● Problem requirements
Set the data down exactly as it stands, and keep its pictures out.

-- Data to use follows --

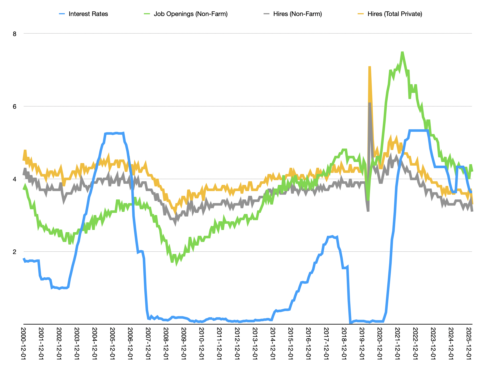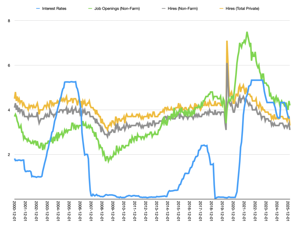 Businesses across industries stopped growing headcount three years ago. Here’s the seasonally adjusted, non-farm job openings & hires against interest rates since 2000.
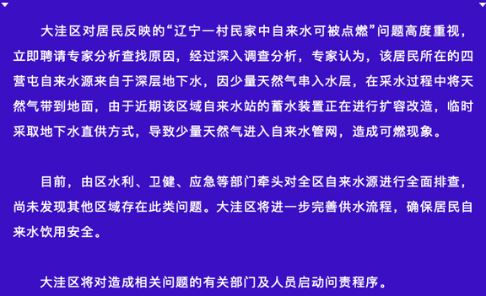 那么這家自來(lái)水為什么能被點(diǎn)燃呢?盤(pán)錦市大洼區(qū)委宣傳部,通報(bào)了調(diào)查結(jié)果
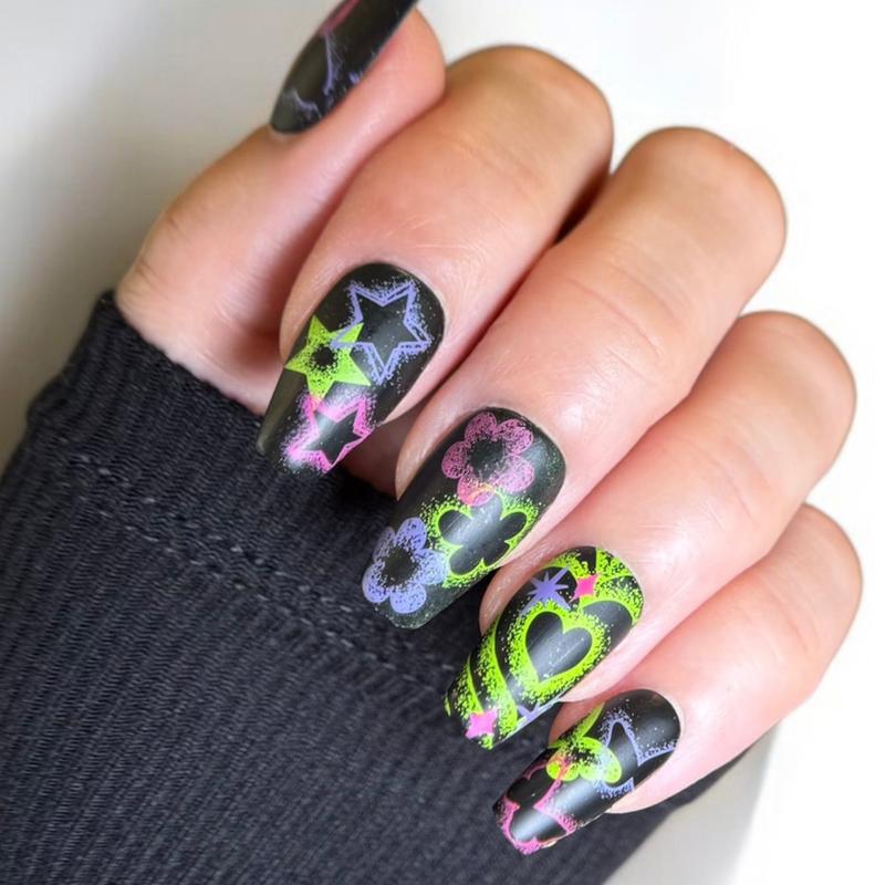 Catch a glow that vibes with you! Airwave Aura stamping plate is packed with dreamy aura glow shape designs like stars, hearts, butterflies, flowers, and more. These soft, radiant shapes give your nails that 90s airbrush magic, like mood rings for your mani.
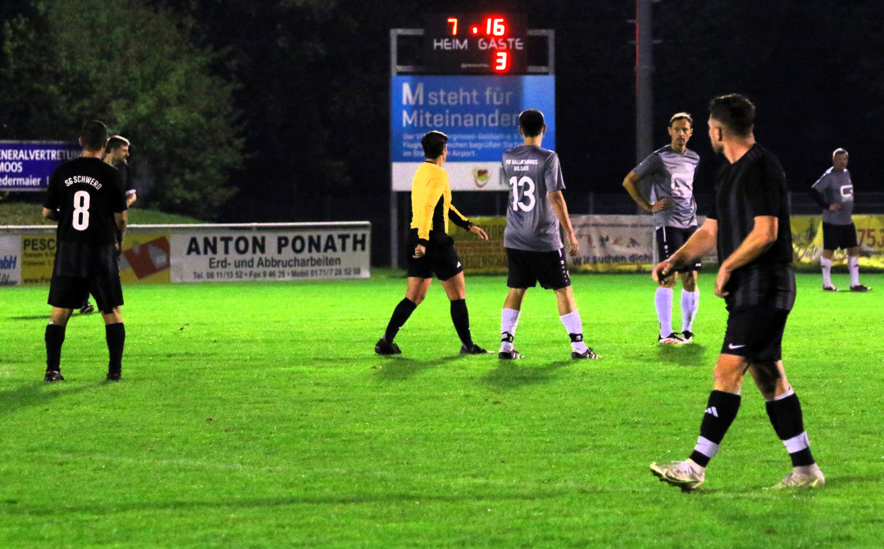 Die Gäste waren schnell unterwegs und nutzten ihren Chancen und gingen  in der 23 min. in Führung. Bis  zur 68min. konnte dieses Ergebnis gehalten werden , doch dann  machte ein Doppelpack der Gegner in der 68.min. und 72. min. alle Hoffnungen auf einen Ausgleich zu Nichte. Die Halbergmooser bemühten sich angefeuert von rund  50-60 Zuschauern um zumindestens einen Treffer , doch hatten sie auch noch Pech bei ihren Abschlüssen . Zudem gab es noch 2  Zeitstrafen für den VfB und einmal gelb-rot, so dass man  auch noch in Unterzahl auf dem Platz stand. Mit dem 0:4 in der Nachspielzeit sicherte sich die Spielgemeinschaft eine hervorragende  Ausgangsposition für das alles entscheidende letzte Match am 10.10. in Schwabhausen. Robert Kühnel: " Um noch  Meister in der Kreisliga zu werden, müssen wir dann mit mehr als  5 Treffern gewinnen. Eine schwere Aufgaben, aber unser Team wird alles tun, um das Ruder noch mal umzureißen."
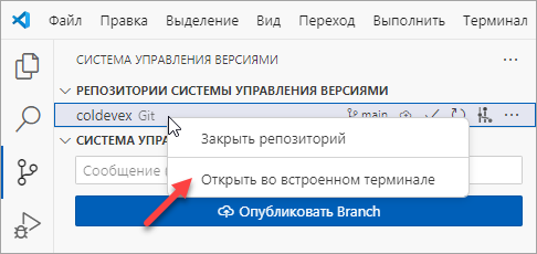 В примере, когда вы создавали репозиторий, таким файлом является файл рабочей области coldevex.code-workspace, который создала Visual Studio Code.
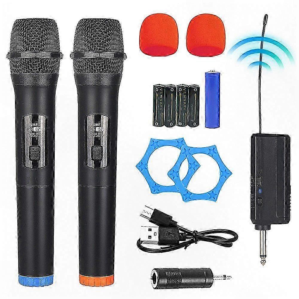 Dual UHF Wireless Microphone System with Receiver, High-Quality Audio Performance
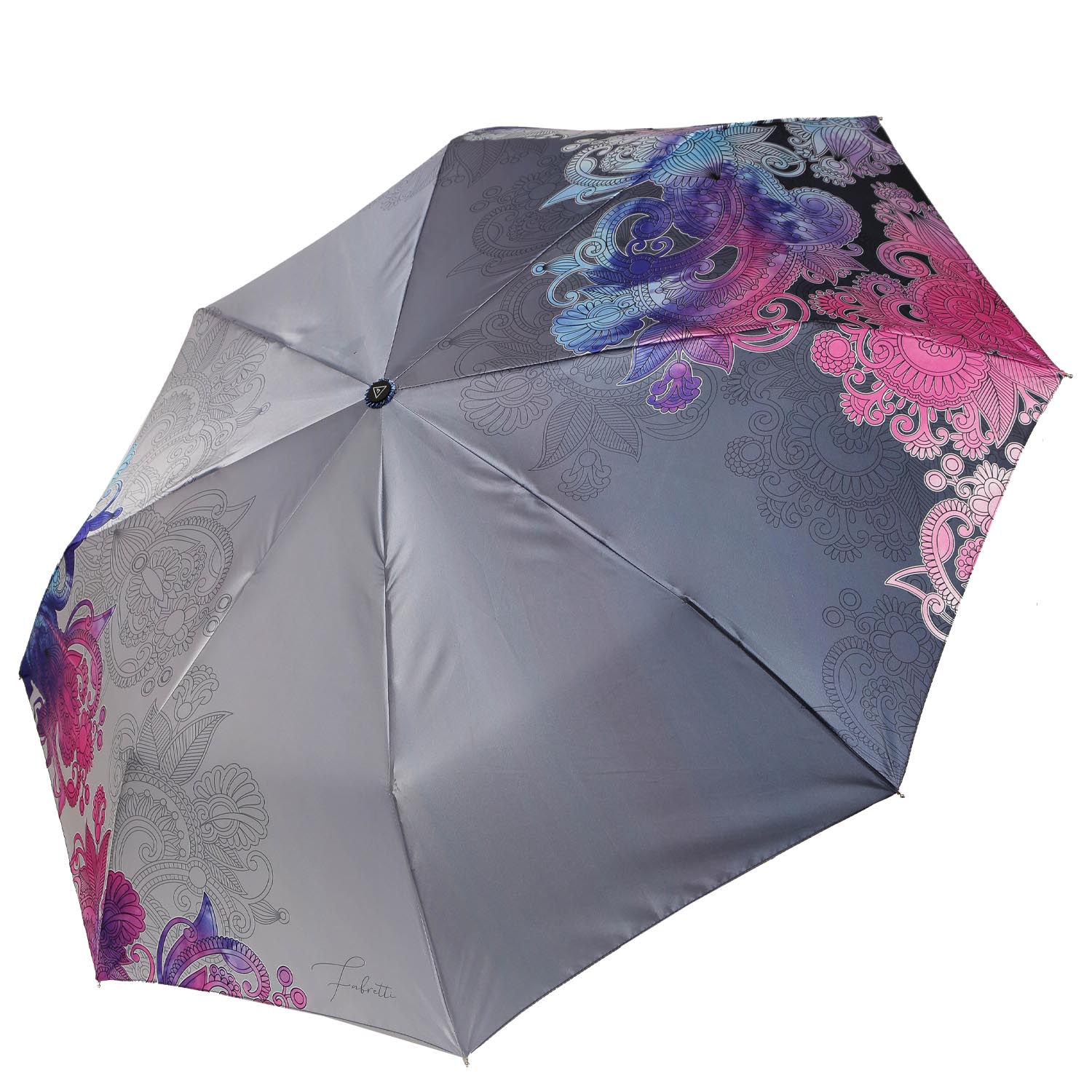 Купол зонта-автомата FABRETTI в сером оттенке украшен оригинальным узором пейсли. Рисунок нанесен с помощью техники цифровой печати, которая обеспечивает долговечность изображению и точность цветопередачи. Купол выполнен из полиэстера с приятной гладкой фактурой и сатиновым блеском. Вода, попадая на такой купол, превращается в капли и легко скатываться вниз.
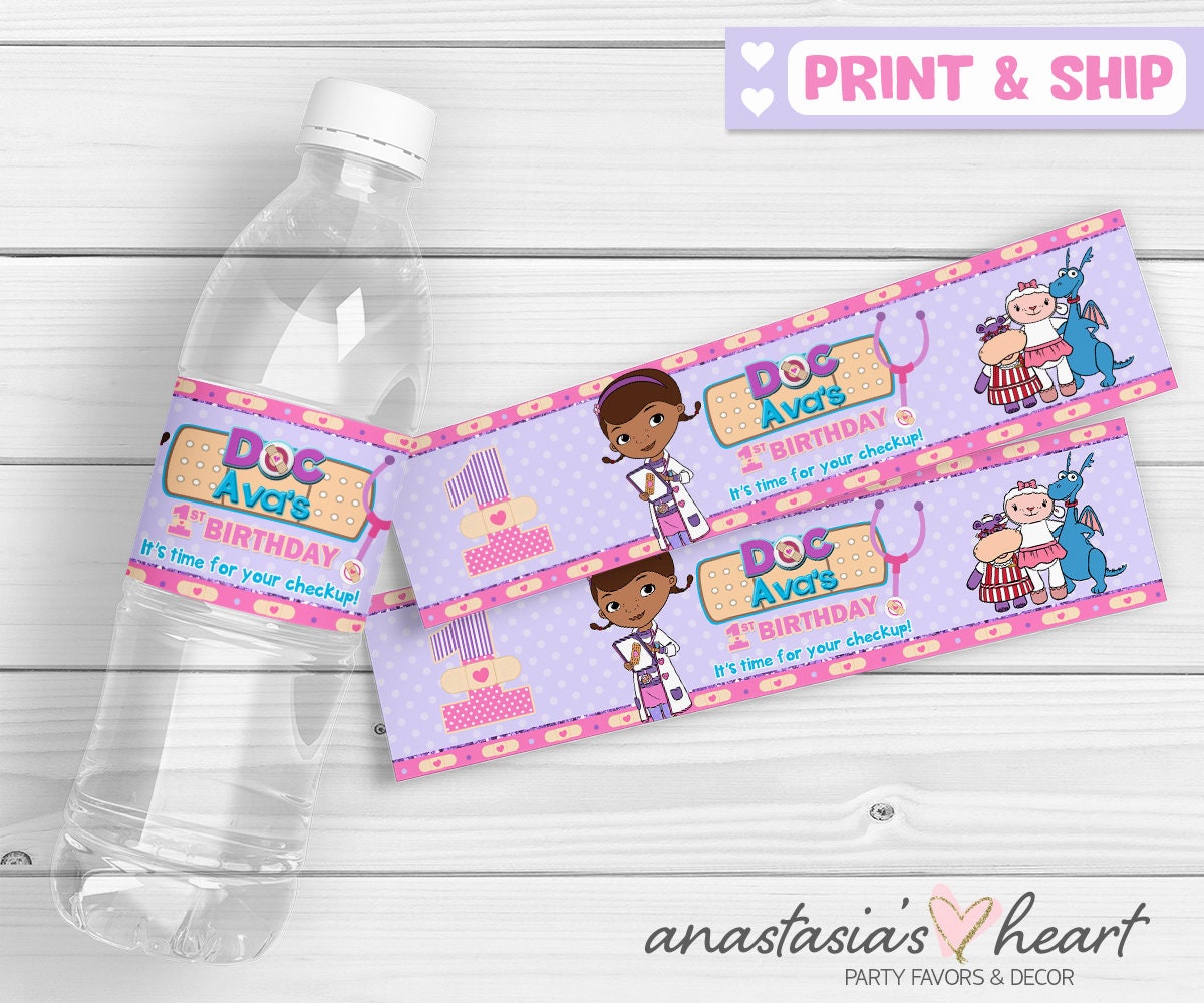 FREE Printable Doc McStuffins Water Bottle Labels Free Doc McStuffins water bottle label printable. Printable is in PDF format for your Doc McStuffins themed party. Prints 3 labels. Free Doc McStuffins labels. HaleGrafx 29k followers More information FREE Printable Doc McStuffins Water Bottle Labels Find this Pin and more on Party Dra Juguetes by ANDREINA EDWARD. Disney Doc Mcstuffins Birthday Water Bottle Label - Doc McStuffins Sold in quantities of five. Labels are self-adhesive and pre-cut. Approximate size of each label is 2" x 8". The fit of the label will vary based on the brand of water. Please verify that these will fit the type of water bottle that you are using. The water bottles that we have tested are: Aquafina 16.9 oz, 12 oz and 8 oz. Dasani 16.9 oz ... Downloadable “Doc McStuffins” Water Bottle Labels ... Downloadable “Doc McStuffins” Water Bottle Labels—Printable Digital File by LifesFrostedMoments on Etsy. lillian. 2k followers ... Doc McStuffins Birthday Water Bottle Label - PrintDParty Click here for more Doc McStuffins Birthday Party Printable This listing is for DIGITAL FILE that come in the form of a high resolution PDF FILE. The file will be email to you within 24 hours or less after all information has been received. + Labels measure 8.5×2 inch and fit most standard size water bottles. There will be 5 labels per page.
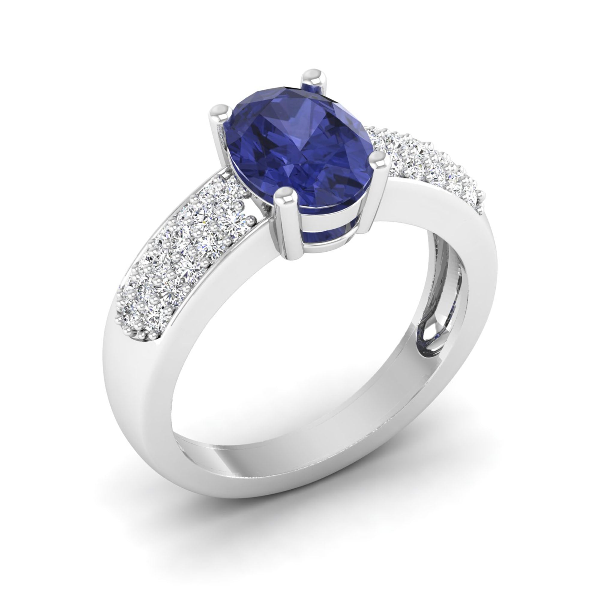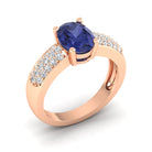 Prong Set Oval Tanzanite and Diamond Ring
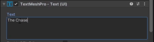 7. In the Inspector, go to TextMeshPro - Text (UI) and change “New Text” to “The Chase.” (Figure 14)
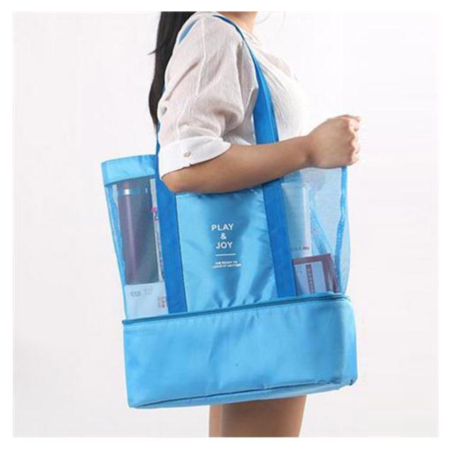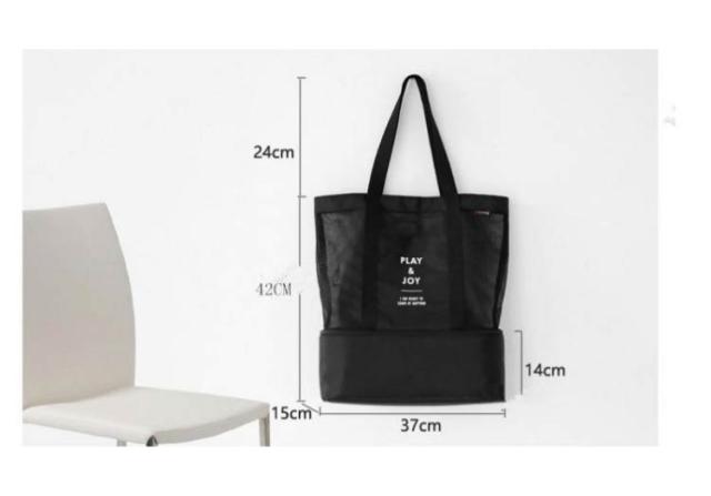 | 乾湿分離!温泉、プールや海へ水遊びに最適なメッシュバッグ メイン収納部は乾湿2ルーム分けられています。濡れたものやビーチサンダルを入れたりできて便利です。 日常生活の洗顔用品、バス用品がゆっくり収納できます。服、靴、水筒、傘、おやつでも全部入れる大容量!ビーチや公園のお砂遊びのおもちゃ入れに大きくてたっぷり入ります。 メッシュ素材のバッグは、通気性が非常によく、濡れた衣類を収納しても蒸れにくくなっております。折り畳むこともでき、片付けも簡単です。ビーチやプールでは水着やタオル、シュノーケリングのマスクやフィンなど濡れた物も入れられ、使用後はジャブジャブと丸洗いもOK! | |
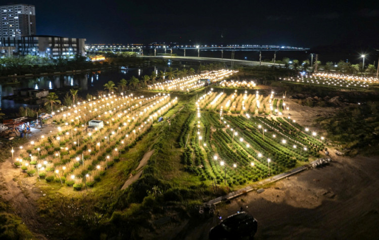 Ở vùng trồng hoa cúc bên sông Hà Thanh, phường Quy Nhơn, tỉnh Gia Lai, nông dân cũng đang tất bật trồng hoa tết, đèn điện sáng trưng mỗi đêm. Nhìn từ trên cao, cả cánh đồng lấp lánh ánh đèn. |
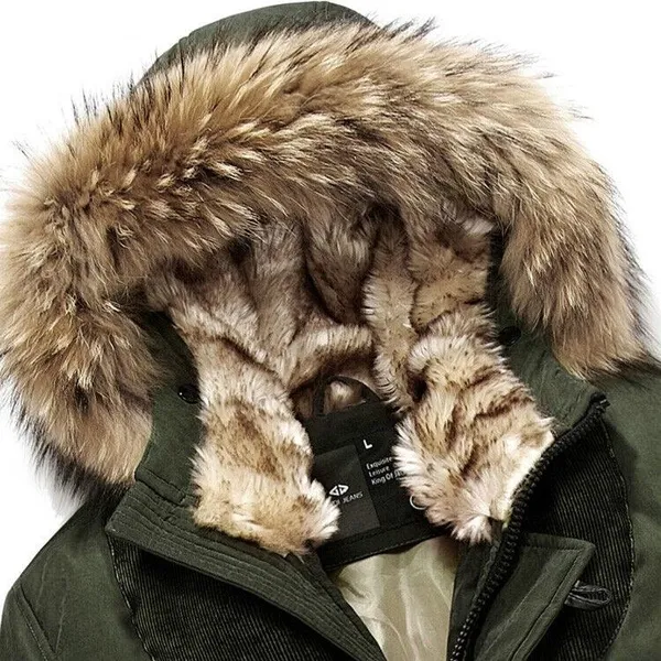 Mens Winter Coats Parka Padded Jackets Fur Collar Hooded Warm Outwear Coats Tops
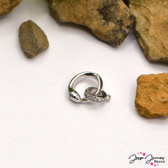 Add a striking focal point to your designs with this stunning ouroboros-inspired clasp, featuring a snake eating its own tail. Crafted in silver, it is adorned with green crystal eyes and a rhinestone-accented clasp, combining elegance with symbolism. Perfect for necklaces or bracelets, this piece symbolizes rebirth and transformation while adding a touch of refined brilliance to your jewelry. Each brass pendant measures 11mm x 8mm
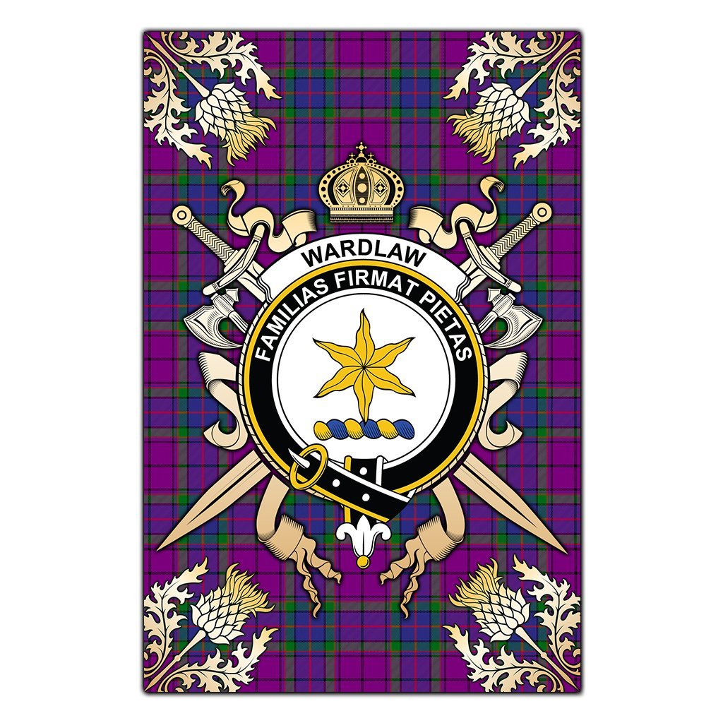 Wardlaw Modern Tartan Crest Black Garden Flag - Gold Thistle Style

-- Data to use concluded --

● Output of the exercise
 Businesses across industries stopped growing headcount three years ago. Here’s the seasonally adjusted, non-farm job openings & hires against interest rates since 2000.
 那么這家自來(lái)水為什么能被點(diǎn)燃呢?盤(pán)錦市大洼區(qū)委宣傳部,通報(bào)了調(diào)查結(jié)果
 Catch a glow that vibes with you! Airwave Aura stamping plate is packed with dreamy aura glow shape designs like stars, hearts, butterflies, flowers, and more. These soft, radiant shapes give your nails that 90s airbrush magic, like mood rings for your mani.
 Die Gäste waren schnell unterwegs und nutzten ihren Chancen und gingen  in der 23 min. in Führung. Bis  zur 68min. konnte dieses Ergebnis gehalten werden , doch dann  machte ein Doppelpack der Gegner in der 68.min. und 72. min. alle Hoffnungen auf einen Ausgleich zu Nichte. Die Halbergmooser bemühten sich angefeuert von rund  50-60 Zuschauern um zumindestens einen Treffer , doch hatten sie auch noch Pech bei ihren Abschlüssen . Zudem gab es noch 2  Zeitstrafen für den VfB und einmal gelb-rot, so dass man  auch noch in Unterzahl auf dem Platz stand. Mit dem 0:4 in der Nachspielzeit sicherte sich die Spielgemeinschaft eine hervorragende  Ausgangsposition für das alles entscheidende letzte Match am 10.10. in Schwabhausen. Robert Kühnel: " Um noch  Meister in der Kreisliga zu werden, müssen wir dann mit mehr als  5 Treffern gewinnen. Eine schwere Aufgaben, aber unser Team wird alles tun, um das Ruder noch mal umzureißen."
 В примере, когда вы создавали репозиторий, таким файлом является файл рабочей области coldevex.code-workspace, который создала Visual Studio Code.
 Dual UHF Wireless Microphone System with Receiver, High-Quality Audio Performance
 Купол зонта-автомата FABRETTI в сером оттенке украшен оригинальным узором пейсли. Рисунок нанесен с помощью техники цифровой печати, которая обеспечивает долговечность изображению и точность цветопередачи. Купол выполнен из полиэстера с приятной гладкой фактурой и сатиновым блеском. Вода, попадая на такой купол, превращается в капли и легко скатываться вниз.
 FREE Printable Doc McStuffins Water Bottle Labels Free Doc McStuffins water bottle label printable. Printable is in PDF format for your Doc McStuffins themed party. Prints 3 labels. Free Doc McStuffins labels. HaleGrafx 29k followers More information FREE Printable Doc McStuffins Water Bottle Labels Find this Pin and more on Party Dra Juguetes by ANDREINA EDWARD. Disney Doc Mcstuffins Birthday Water Bottle Label - Doc McStuffins Sold in quantities of five. Labels are self-adhesive and pre-cut. Approximate size of each label is 2" x 8". The fit of the label will vary based on the brand of water. Please verify that these will fit the type of water bottle that you are using. The water bottles that we have tested are: Aquafina 16.9 oz, 12 oz and 8 oz. Dasani 16.9 oz ... Downloadable “Doc McStuffins” Water Bottle Labels ... Downloadable “Doc McStuffins” Water Bottle Labels—Printable Digital File by LifesFrostedMoments on Etsy. lillian. 2k followers ... Doc McStuffins Birthday Water Bottle Label - PrintDParty Click here for more Doc McStuffins Birthday Party Printable This listing is for DIGITAL FILE that come in the form of a high resolution PDF FILE. The file will be email to you within 24 hours or less after all information has been received. + Labels measure 8.5×2 inch and fit most standard size water bottles. There will be 5 labels per page.
 Prong Set Oval Tanzanite and Diamond Ring
 7. In the Inspector, go to TextMeshPro - Text (UI) and change “New Text” to “The Chase.” (Figure 14)
 | 乾湿分離!温泉、プールや海へ水遊びに最適なメッシュバッグ メイン収納部は乾湿2ルーム分けられています。濡れたものやビーチサンダルを入れたりできて便利です。 日常生活の洗顔用品、バス用品がゆっくり収納できます。服、靴、水筒、傘、おやつでも全部入れる大容量!ビーチや公園のお砂遊びのおもちゃ入れに大きくてたっぷり入ります。 メッシュ素材のバッグは、通気性が非常によく、濡れた衣類を収納しても蒸れにくくなっております。折り畳むこともでき、片付けも簡単です。ビーチやプールでは水着やタオル、シュノーケリングのマスクやフィンなど濡れた物も入れられ、使用後はジャブジャブと丸洗いもOK! | |
 Ở vùng trồng hoa cúc bên sông Hà Thanh, phường Quy Nhơn, tỉnh Gia Lai, nông dân cũng đang tất bật trồng hoa tết, đèn điện sáng trưng mỗi đêm. Nhìn từ trên cao, cả cánh đồng lấp lánh ánh đèn. |
 Mens Winter Coats Parka Padded Jackets Fur Collar Hooded Warm Outwear Coats Tops
 Add a striking focal point to your designs with this stunning ouroboros-inspired clasp, featuring a snake eating its own tail. Crafted in silver, it is adorned with green crystal eyes and a rhinestone-accented clasp, combining elegance with symbolism. Perfect for necklaces or bracelets, this piece symbolizes rebirth and transformation while adding a touch of refined brilliance to your jewelry. Each brass pendant measures 11mm x 8mm
 Wardlaw Modern Tartan Crest Black Garden Flag - Gold Thistle Style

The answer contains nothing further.